Our guests look elegant, healthy, excited, every last one of them. I invited my friends, a couple of work colleagues, one or two of my mum’s friends and their families. Naturally, Fiona is my bridesmaid. Mark invited more than twice the number of people I did, not at all kowtowed by the traditions that dictate second weddings ought to be smaller, quieter. He invited his entire extended family and all his friends. I try not to think of how many of the guests at my wedding were Frances’s friends. To be fair, it is impossible to tell because everyone is thrilled for us, for him. I’m showered in compliments and congratulations. If people secretly think Mark marrying within a year of his wife’s death is a little too soon, they have the good manners not to say it aloud.
After the ceremony, when we are milling around in happy clusters and I’m straining to keep my weight in the balls of my feet so my heels don’t sink into the grass, I stand with Fiona, peaceful, content. I allow my gaze to drift across the scene of celebration and make an effort to lock it in my mind. All day I’ve consciously tried to hold on to the precious moments: Mark’s expression as he first saw me drift toward him, the boys’ laughter breaking through the chatter at regular intervals—my ear is attuned to that sound now, I can identify their laughter in among other kids’—the beautiful flower arrangements that are everywhere and fill the air with a heady, intoxicating scent, the fizz of champagne on my tongue, although I don’t really need alcohol, I’m already drunk on joy. Seb’s hot little hand has been firmly wedged in mine for a lot of the day but he slips my grasp and joyfully dashes off to join Oli and some other children who are clustering around the cupcake table.
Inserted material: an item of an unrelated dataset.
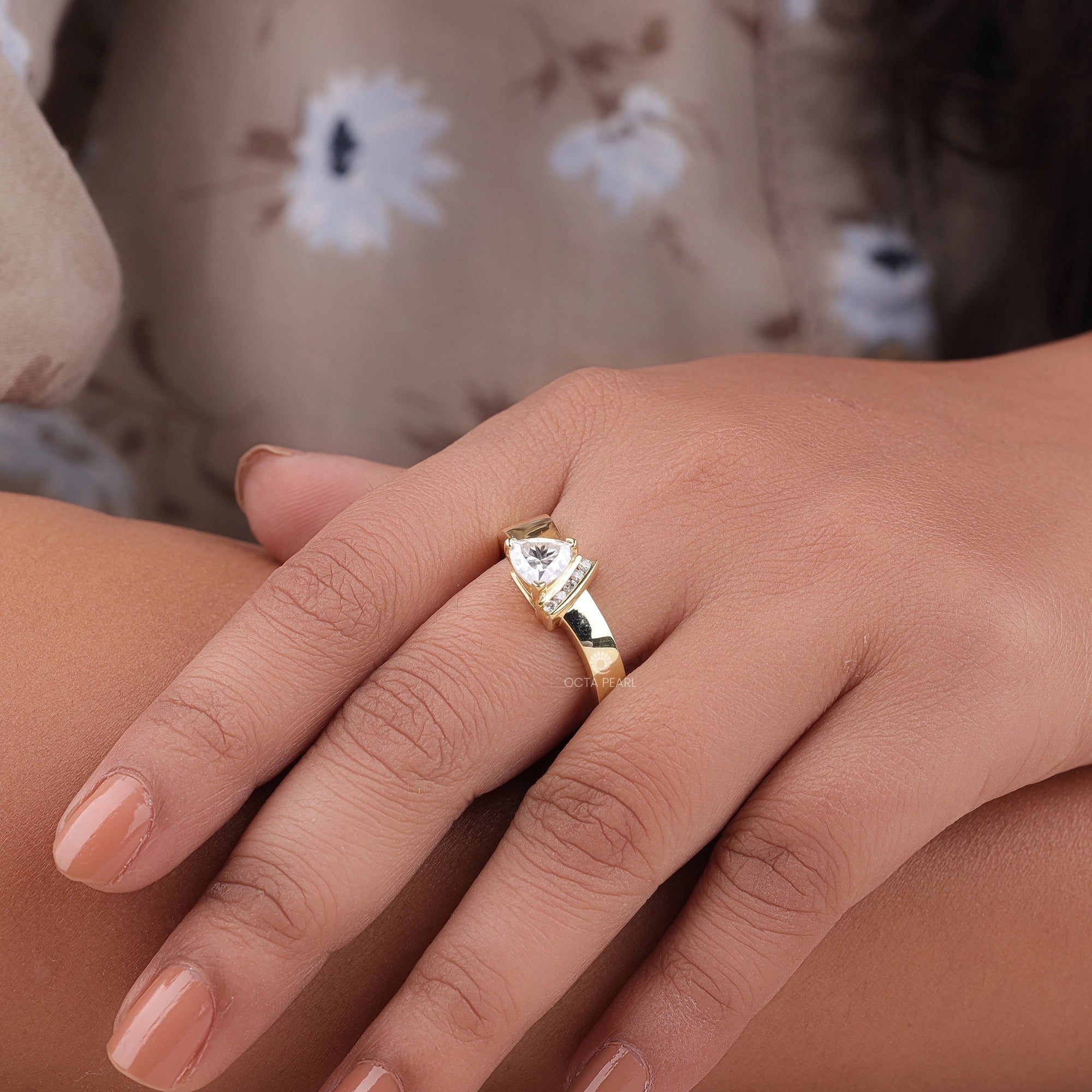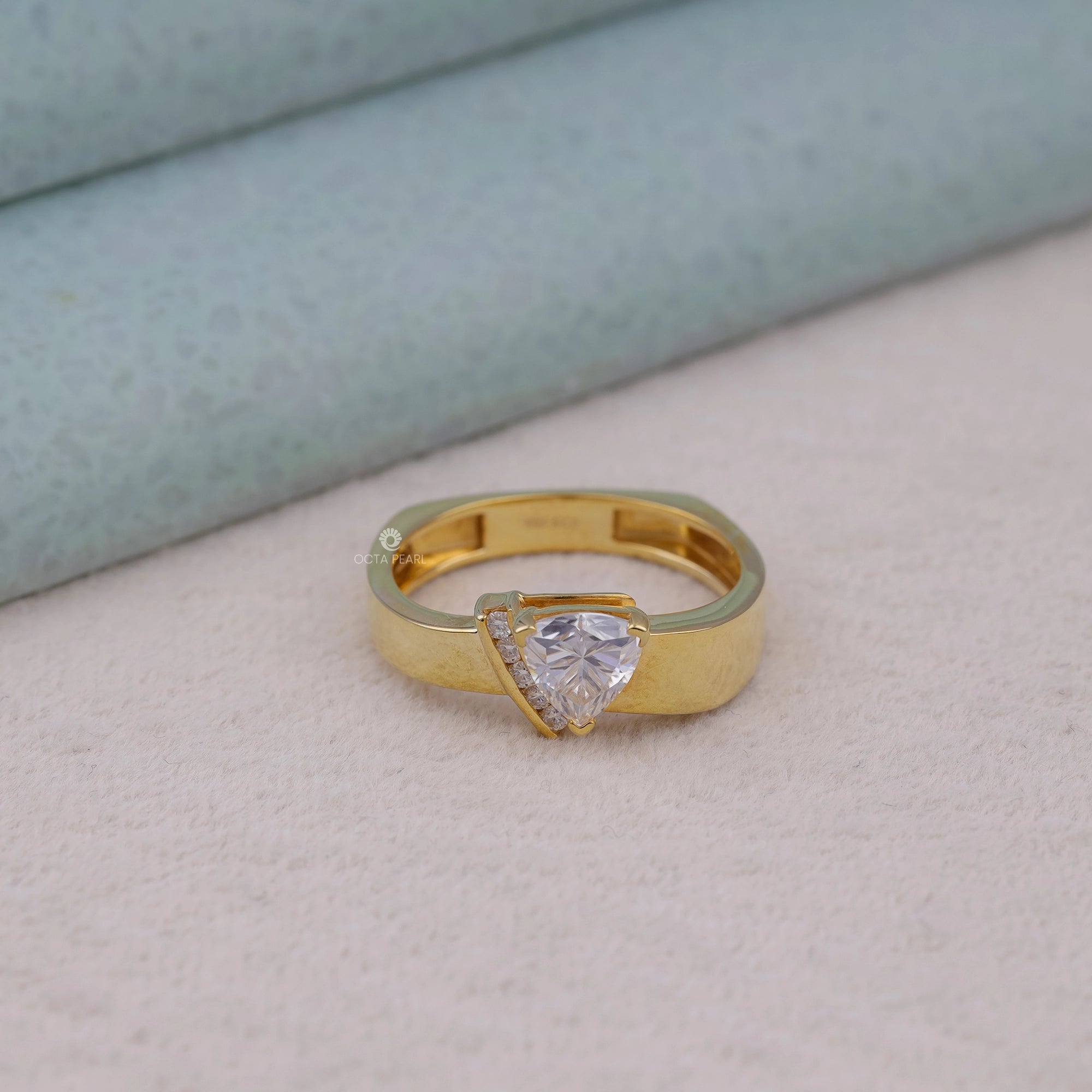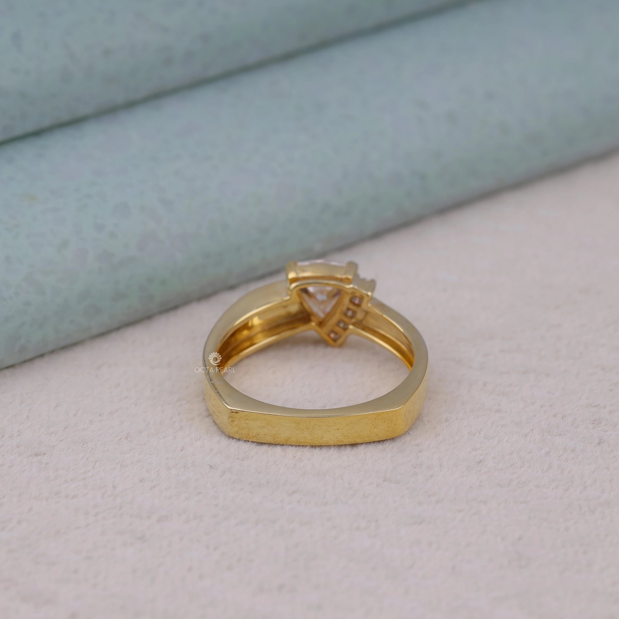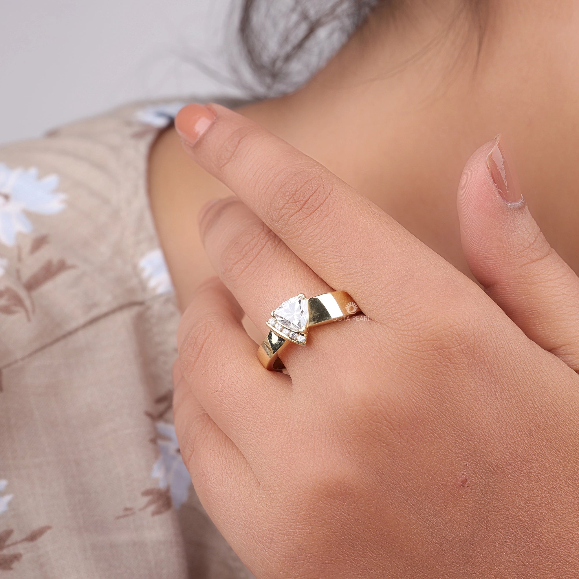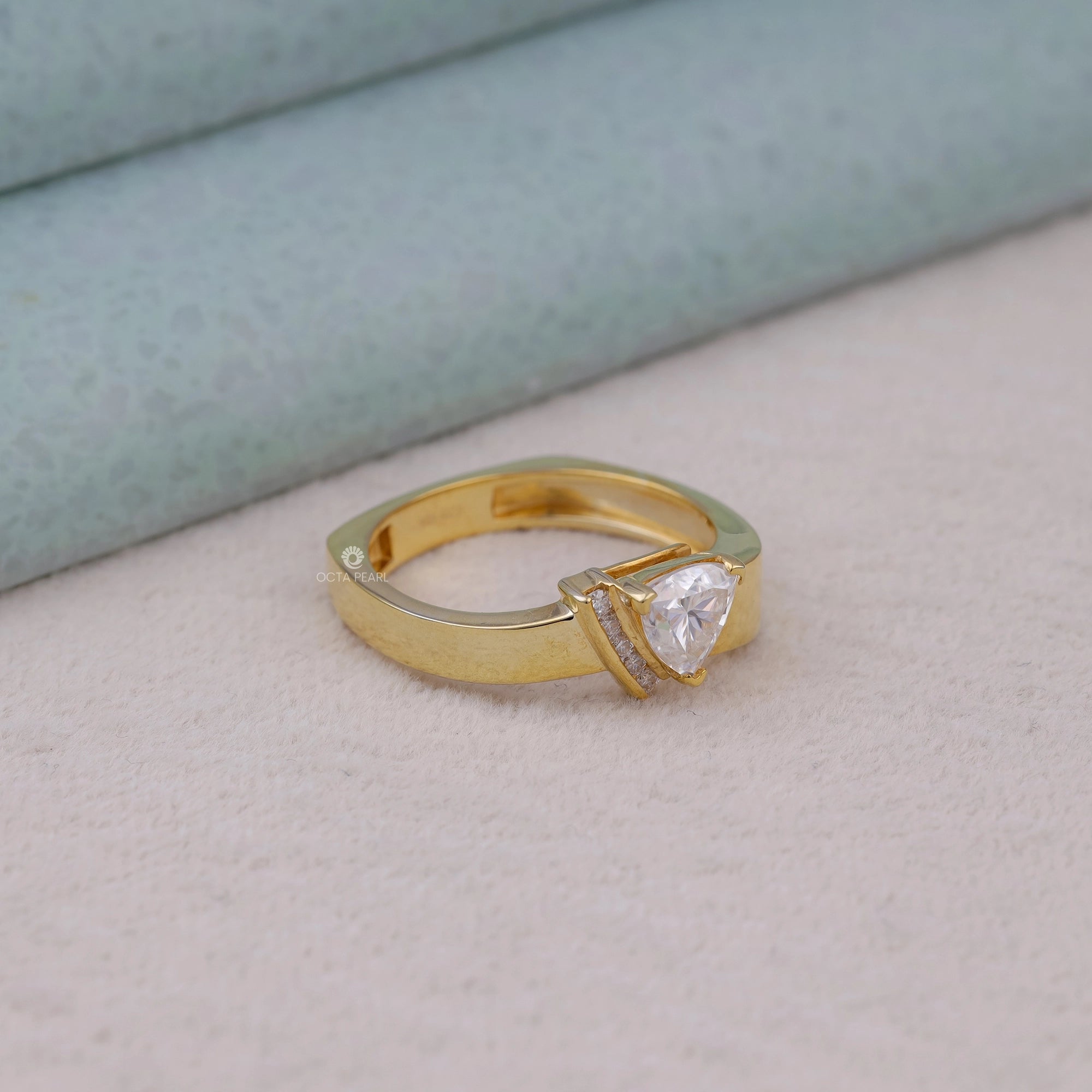 Bold and modern, this Trillion Moissanite Channel Setting Euro Shank Ring is designed for both men and women who appreciate sleek sophistication. The striking trillion cut Moissanite stone is expertly set in a secure channel setting, allowing the unique shape to shine with intense brilliance. The distinctive Euro shank adds a contemporary edge, ensuring a comfortable and balanced fit. Whether worn as a fashion ring, wedding band, or commitment piece, this Moissanite Euro shank ring makes a powerful style statement with its clean lines and luxurious sparkle.

I am awash with kind comments from my friends, casual as they feel free to dive in among this, the most intimate relationship, and make a judgment call. You did well there! Well-meaning colleagues chime in too, He’s one of the good ones! He is liked, popular. Exceptionally so. Since I started dating him, I have been somewhat overwhelmed by the constant wave of praise he garners. Before him I largely dated men that people rarely approved of, let alone admired.